---- Collected material
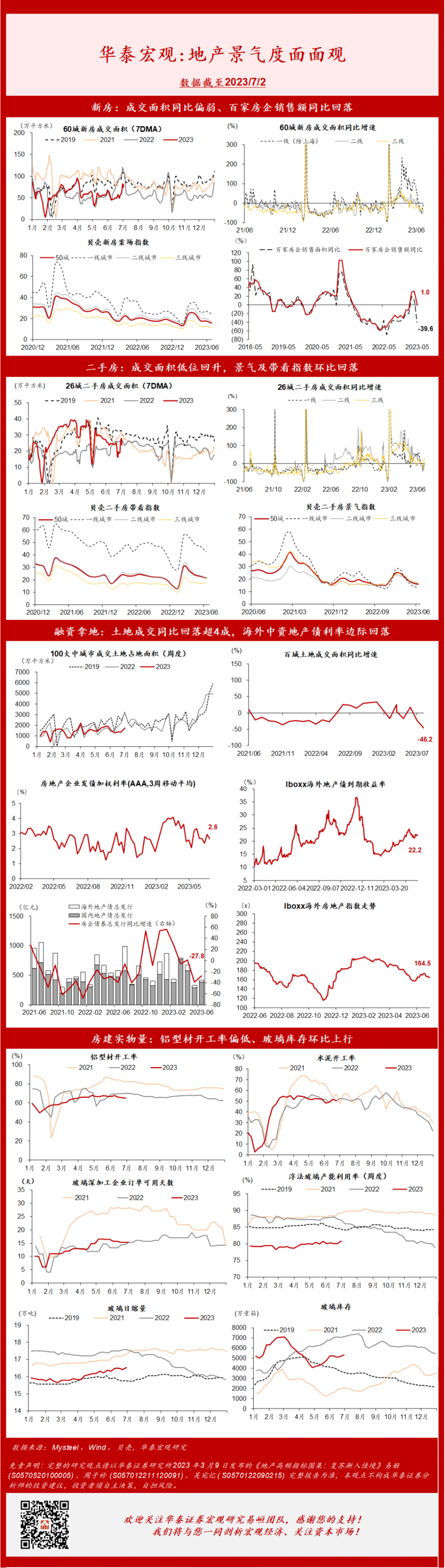 地产:商品房成交持续偏弱,库销比高位反弹。6月中旬,30城新房成交面积环比保持低位,14城二手房成交季节性回落。由于去年6月各地解封,带动地产成交走强,因而在同比维度,6月新房及二手房成交增速均明显下滑。但从两年复合增速来看,新房及二手房成交复合增速未明显下滑,整体仍有韧性。销售偏弱阻碍库存去化,十大城市库销比环比续升,并创同期新高。土地市场量减价升,但北京等地土拍底价成交情况增多,反映市场仍偏冷。
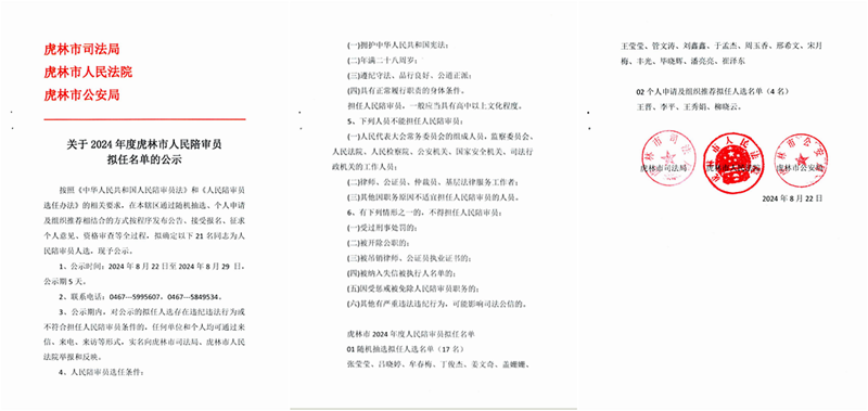 关于2024年度虎林市人民陪审员拟任名单的公示
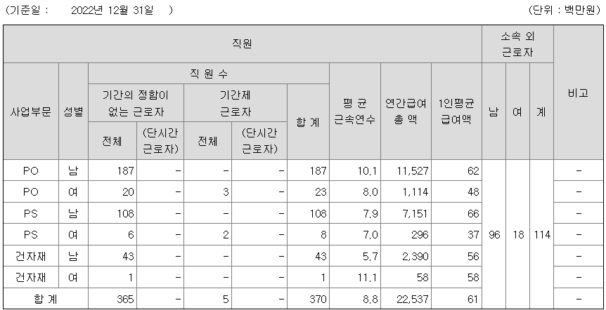 | 사업부문 | 성별 | 직원수 | 평균근속연수 | 평균연봉(백만) |
--------
**Exercise requirements**
Reproduce the material above exactly, first line through the line that contains "关于2024年度虎林市人民陪审员拟任名单的公示", minus the pictures.

**Exercise solution**
 地产:商品房成交持续偏弱,库销比高位反弹。6月中旬,30城新房成交面积环比保持低位,14城二手房成交季节性回落。由于去年6月各地解封,带动地产成交走强,因而在同比维度,6月新房及二手房成交增速均明显下滑。但从两年复合增速来看,新房及二手房成交复合增速未明显下滑,整体仍有韧性。销售偏弱阻碍库存去化,十大城市库销比环比续升,并创同期新高。土地市场量减价升,但北京等地土拍底价成交情况增多,反映市场仍偏冷。
 关于2024年度虎林市人民陪审员拟任名单的公示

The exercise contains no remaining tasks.